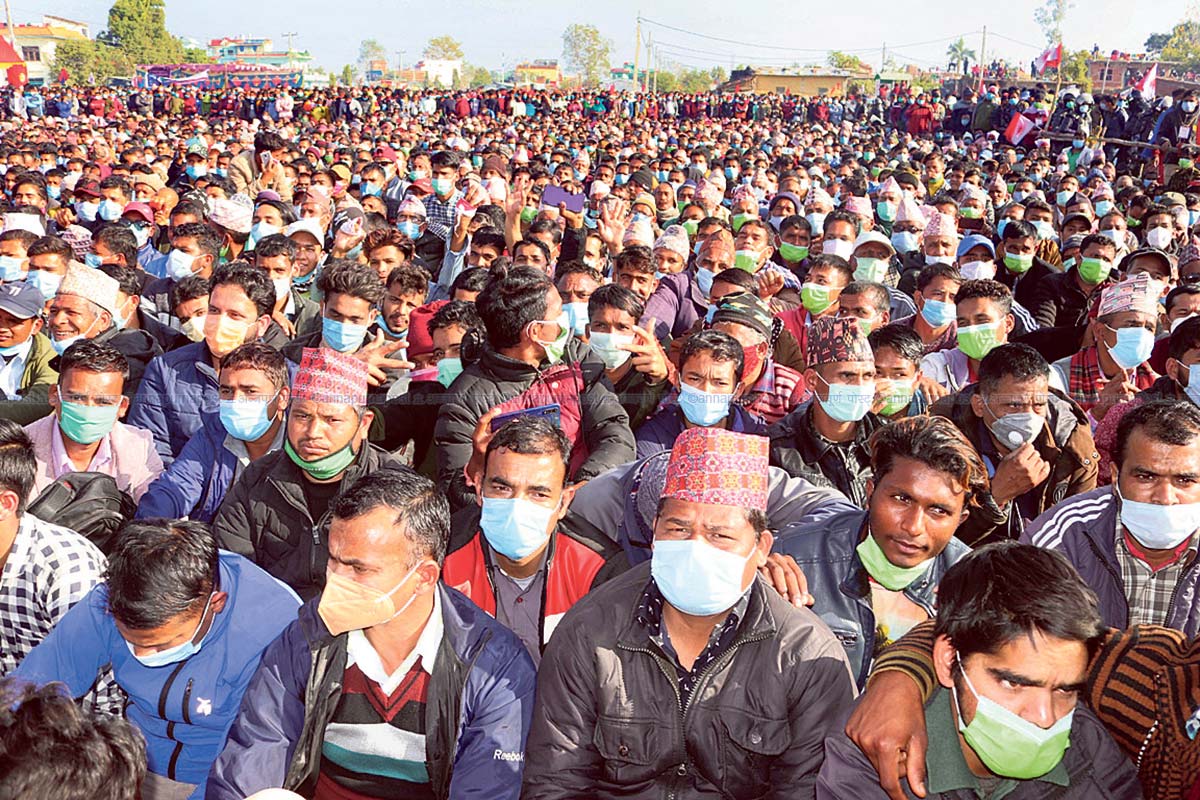 नेकपाको अर्को खेमाका अध्यक्ष पुष्पकमल दाहाललाई लक्ष्य गर्दै प्रधानमन्त्री ओलीले भने, ‘जसलाई छोरीहरूको मतलब छ, जसलाई बुहारीको चिन्ता छ, जसलाई आफन्तको मतलब छ, तिनको पार्टी हो कि तपाईंहरूको पार्टी हो ? यो पार्टी सम्धीवाला पार्टी होइन। यो पार्टी छोरीबुहारीवाला पार्टी होइन। यो पार्टी भाइभतिजावाला पार्टी होइन। यो पार्टी तपाईंहरूको पार्टी हो। देश बनाउने पार्टी हो। जनताको पार्टी हो। त्यसकारण उहाँहरूले गफ नदिए हुन्छ।’
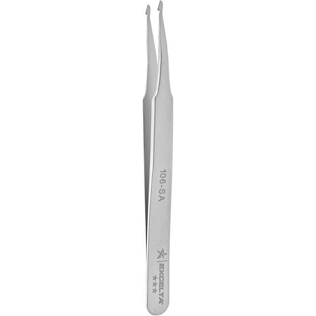 This is manufactured by Excelta Corporation. The manufacturer part number is 106-SA. It is assigned with possible HTSUS value of 8203.20.2000. The product is not applicable. The product has an integral pointed tip. The product is made from highly stable and reliable stainless steel. It is shipped in box package . Its typical moisture sensitivity level is not applicable. It has a long 6 weeks standard lead time. The splendid features of the product include anti-magnetic. The tip is designed with a angled shape. The product is designated with the ear99 code number.
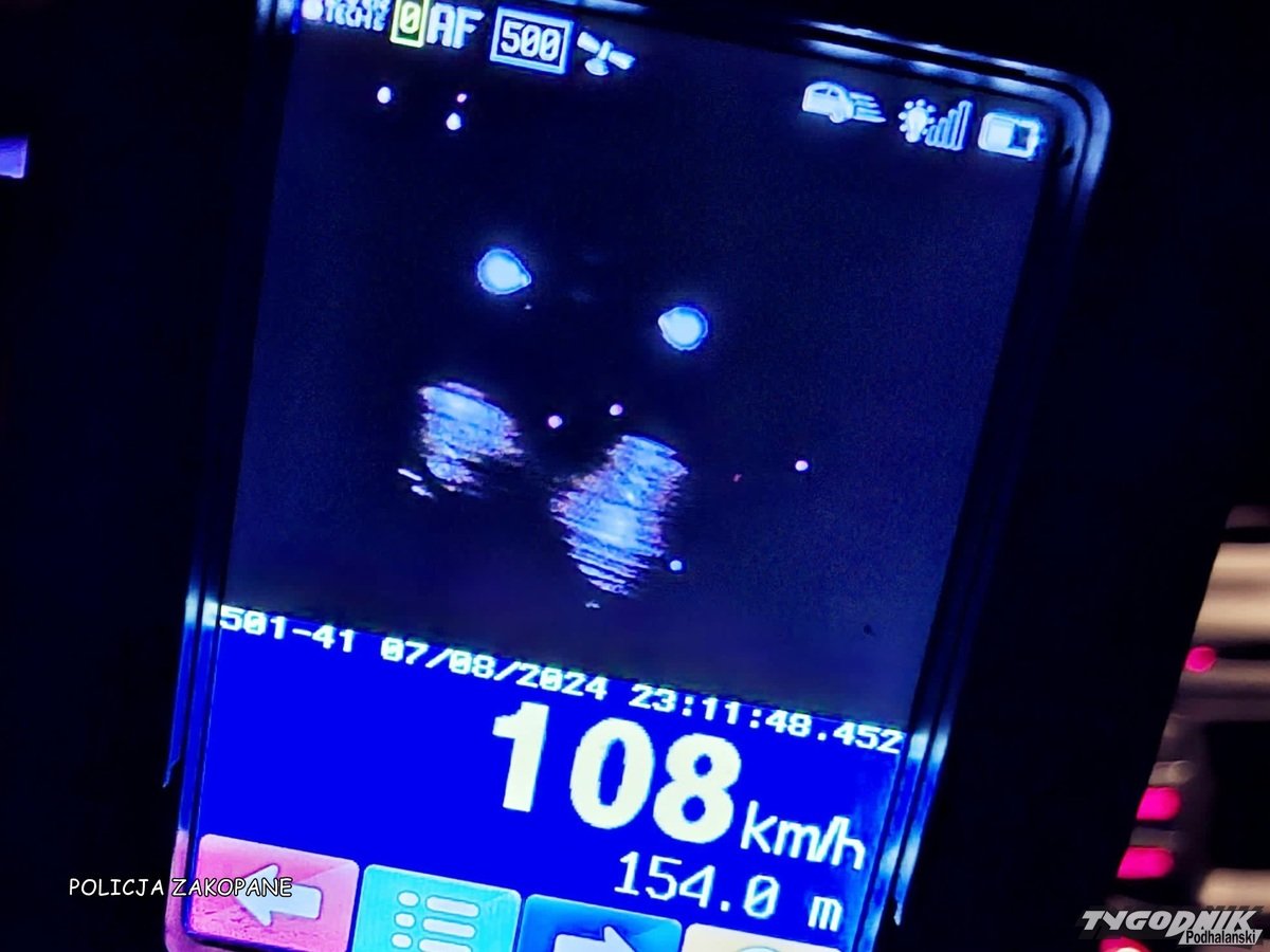 Pędził przez Zakopane z prędkością 108 km na godz. Prawo jazdy miał przez miesiąc
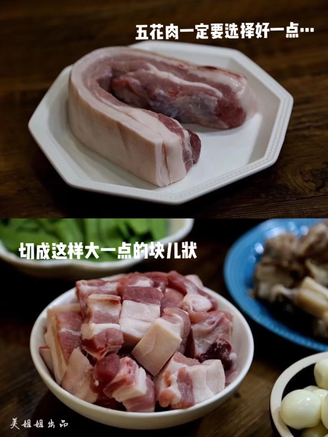 1.做红烧肉的话肉的选材蛮关键的 我一般去超市看见好的五花肉我就停不下来了 准备一块好的五花肉
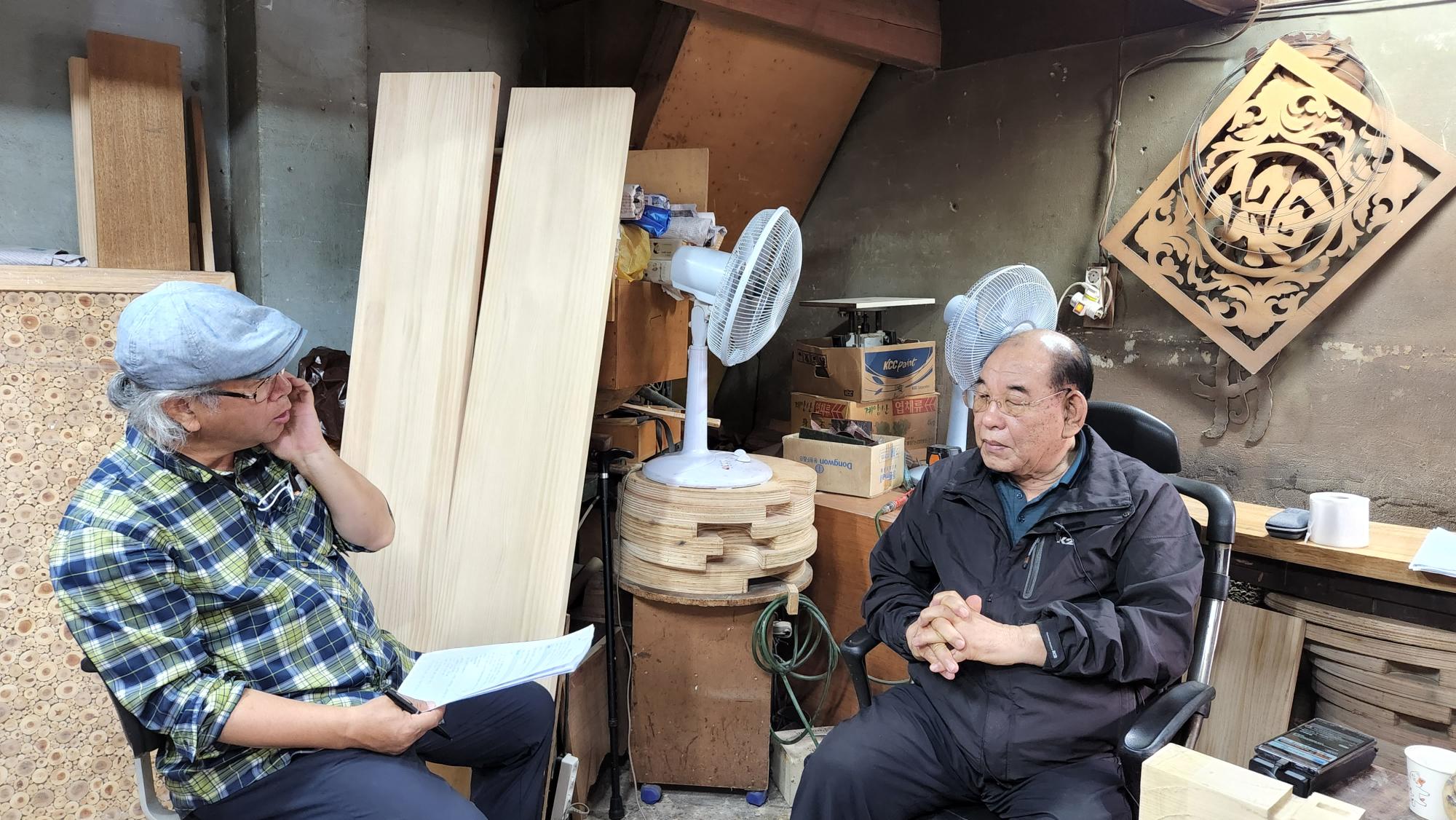 2022년 숭의목공예마을 기록을 위해 미추홀시민기록단 김용경이 인일조각 진교욱 사장을 인터뷰하는 모습이다. 목공 직업을 주제로 구술자의 삶을 함께 기록하였다.
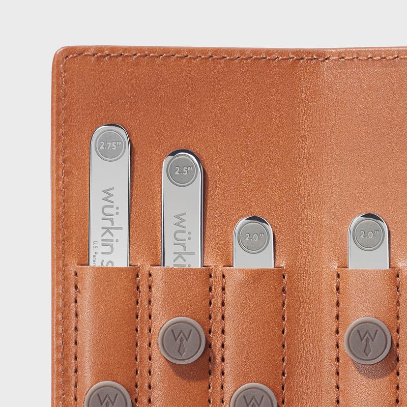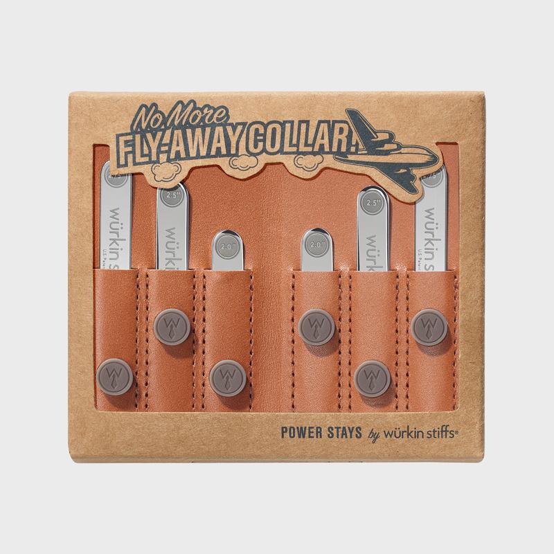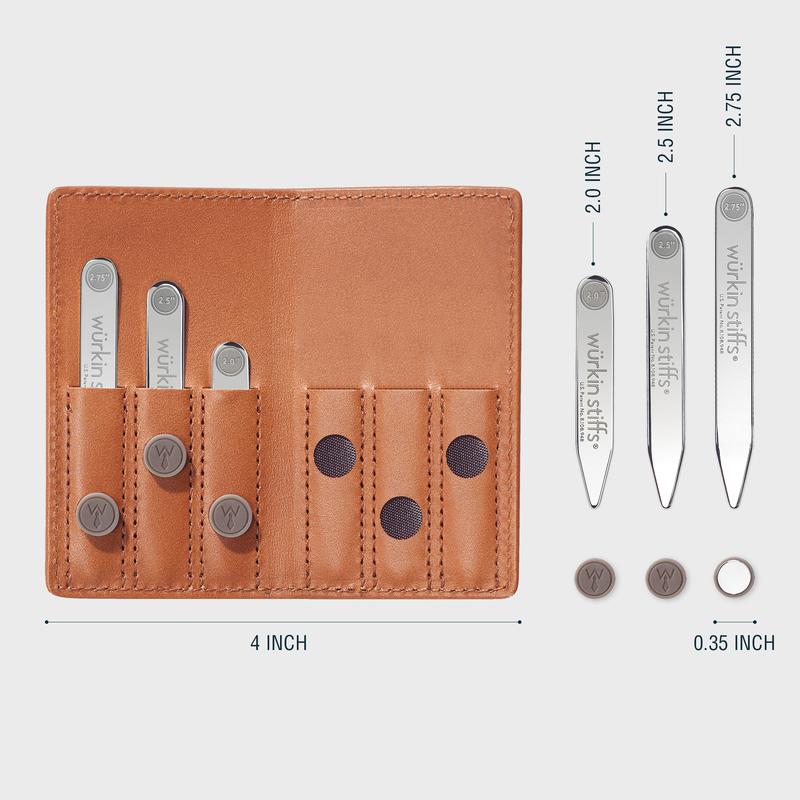 Six assorted size stays and six magnets kept tidy in a genuine leather case. Magnetically closes to the size of a business card, making it easy for the guy on the go.
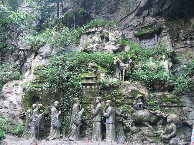 过了牛心亭有两幅大面积的石壁浮雕,这个用术语讲,貌似是叫摩崖石刻。分别是李世民和康熙来峨眉山的情景。其实按工艺来讲,确实是美的。可我对这种歌功颂德,拍专制统治者马屁的内容着实没什么兴趣。
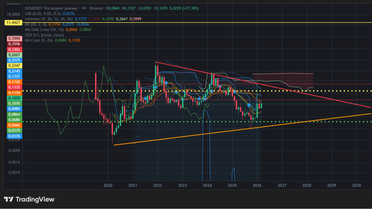 El TA es la base. He analizado detenidamente el gráfico DUSK/USDT (1M) en TradingView.

════════

== Task goal ==
Please set down, exactly and with nothing added, the lines from the line with "Six assorted size" to the end of the entries above, omitting pictures.

== Task response ==
 Six assorted size stays and six magnets kept tidy in a genuine leather case. Magnetically closes to the size of a business card, making it easy for the guy on the go.
 过了牛心亭有两幅大面积的石壁浮雕,这个用术语讲,貌似是叫摩崖石刻。分别是李世民和康熙来峨眉山的情景。其实按工艺来讲,确实是美的。可我对这种歌功颂德,拍专制统治者马屁的内容着实没什么兴趣。
 El TA es la base. He analizado detenidamente el gráfico DUSK/USDT (1M) en TradingView.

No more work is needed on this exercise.